- EXTRACTED INFORMATION
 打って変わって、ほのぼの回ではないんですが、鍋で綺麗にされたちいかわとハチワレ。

==

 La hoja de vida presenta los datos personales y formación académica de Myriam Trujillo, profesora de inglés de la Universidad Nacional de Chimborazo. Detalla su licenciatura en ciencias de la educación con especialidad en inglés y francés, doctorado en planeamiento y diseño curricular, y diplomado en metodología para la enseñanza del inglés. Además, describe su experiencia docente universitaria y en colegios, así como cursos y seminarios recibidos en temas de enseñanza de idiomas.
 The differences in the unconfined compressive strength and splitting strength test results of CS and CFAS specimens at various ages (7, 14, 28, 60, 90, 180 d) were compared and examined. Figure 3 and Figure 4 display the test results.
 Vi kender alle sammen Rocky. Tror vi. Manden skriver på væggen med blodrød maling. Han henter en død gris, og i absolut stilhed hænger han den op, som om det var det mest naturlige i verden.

- TASK OBJECTIVE
From the listing above, return the lines starting at the one with "The differences in" and ending at the one with "Vi kender alle", both kept, exactly as they appear and nothing more.

- RESULT OF THIS EXERCISE
 The differences in the unconfined compressive strength and splitting strength test results of CS and CFAS specimens at various ages (7, 14, 28, 60, 90, 180 d) were compared and examined. Figure 3 and Figure 4 display the test results.
 Vi kender alle sammen Rocky. Tror vi. Manden skriver på væggen med blodrød maling. Han henter en død gris, og i absolut stilhed hænger han den op, som om det var det mest naturlige i verden.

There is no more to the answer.